What is the MTHFR mutation test?

In MTHFR gene mutation, which is one of the hereditary thrombophilias (coagulation disorders), homocysteine level increases and a tendency to clot occurs as a result of mutation in the methylenetetrahydrofolate enzyme gene. The most common C677T mutation is seen. It is seen in 2-15% of societies. Hyperhomocysteinemia may also occur for reasons other than MTHFR gene mutation. In hyperhomocysteinemia, the tendency to both arterial and venous thrombosis increases.

Thermolable MTHFR and Hyperhomocysteinemia

High levels of the amino acid homocysteine are another independent risk factor for venous thrombosis that have been identified in recent years. There is a 2-3 fold increase in the risk of VTE in patients with hyperhomocysteinemia, which can constitute up to 5% of the population.

Common causes of hyperhomocysteinemia include inadequate intake of folate, vitamins B6 or B12, and inherited defects of cystathionine synthase or methylenetetrahydrofolate reductase (mthfr) enzymes that play a role in homocysteine metabolism.
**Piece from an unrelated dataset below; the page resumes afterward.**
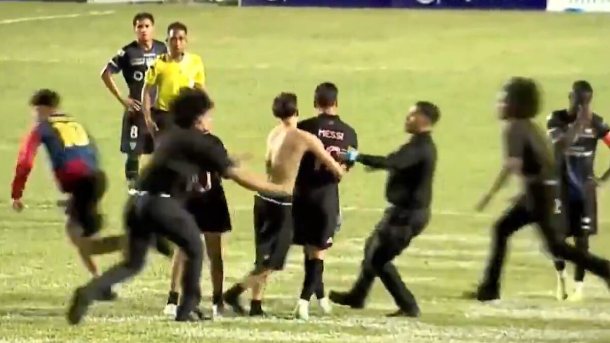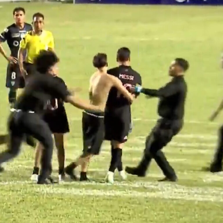 Τη στιγμή που ένας fan του Μέσι κατάφερε να βρεθεί δίπλα του και να βγάλει μια selfie, ένας άλλος -που έτρεχε στον αγωνιστικό χώρο- άρχισε να τον πλησιάζει από πίσω και τελικά τον πήρε αγκαλιά. Τη στιγμή που τον έφτασε, δυο άνθρωποι της ασφάλειας του γηπέδου κατάφεραν να τον πιάσουν. Σαν αποτέλεσμα, έριξαν τον οπαδό αλλά και τον ίδιο τον “αστέρα” της Ίντερ Μαϊάμι στον αγωνιστικό χώρο!

While homocysteine measurements are applied in the examination of patients with arterial and venous thrombophilia, thermolabile-MTHFR mutation analysis, which is reported to be found in 5-15% of the normal population, is recommended in patients with pregnancy complications and in patients with hyperhomocysteinemia of unknown cause and their relatives.

In how many days MTHFR Mutation Test comes out:
The MTHFR Mutation Test is used with a blood sample. The reporting period of the test is between 15-20 days on average. For the test, hunger or satiety does not matter.